*** Opening Information supplied ***

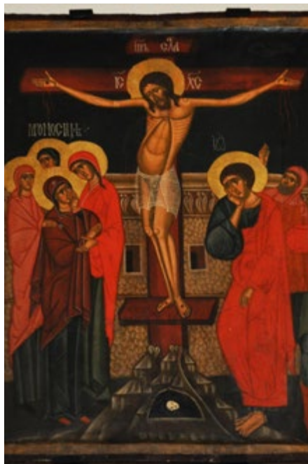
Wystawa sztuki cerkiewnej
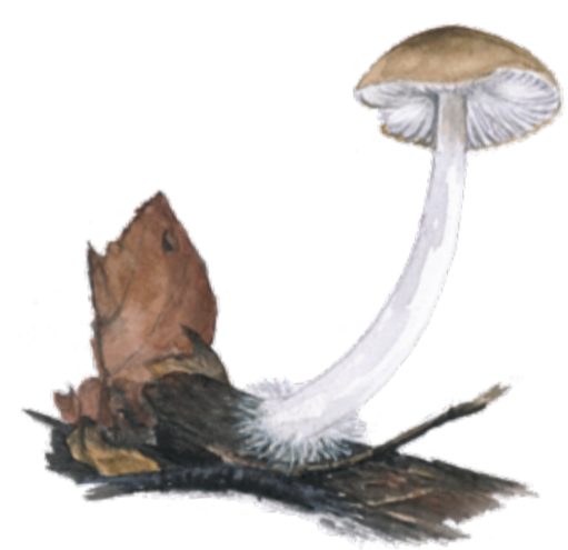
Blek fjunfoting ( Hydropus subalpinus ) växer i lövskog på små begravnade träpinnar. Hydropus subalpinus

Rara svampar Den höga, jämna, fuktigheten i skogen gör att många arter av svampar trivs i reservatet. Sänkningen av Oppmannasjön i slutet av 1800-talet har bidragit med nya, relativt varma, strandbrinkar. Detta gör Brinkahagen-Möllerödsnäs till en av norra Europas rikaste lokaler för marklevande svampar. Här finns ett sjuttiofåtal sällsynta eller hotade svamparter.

*** Closing Information supplied ***

▸ **Activity**: The complete material, set down exactly and stripped of pictures, is the expected response.

▸ **Result below**:
Wystawa sztuki cerkiewnej
Blek fjunfoting ( Hydropus subalpinus ) växer i lövskog på små begravnade träpinnar. Hydropus subalpinus

Rara svampar Den höga, jämna, fuktigheten i skogen gör att många arter av svampar trivs i reservatet. Sänkningen av Oppmannasjön i slutet av 1800-talet har bidragit med nya, relativt varma, strandbrinkar. Detta gör Brinkahagen-Möllerödsnäs till en av norra Europas rikaste lokaler för marklevande svampar. Här finns ett sjuttiofåtal sällsynta eller hotade svamparter.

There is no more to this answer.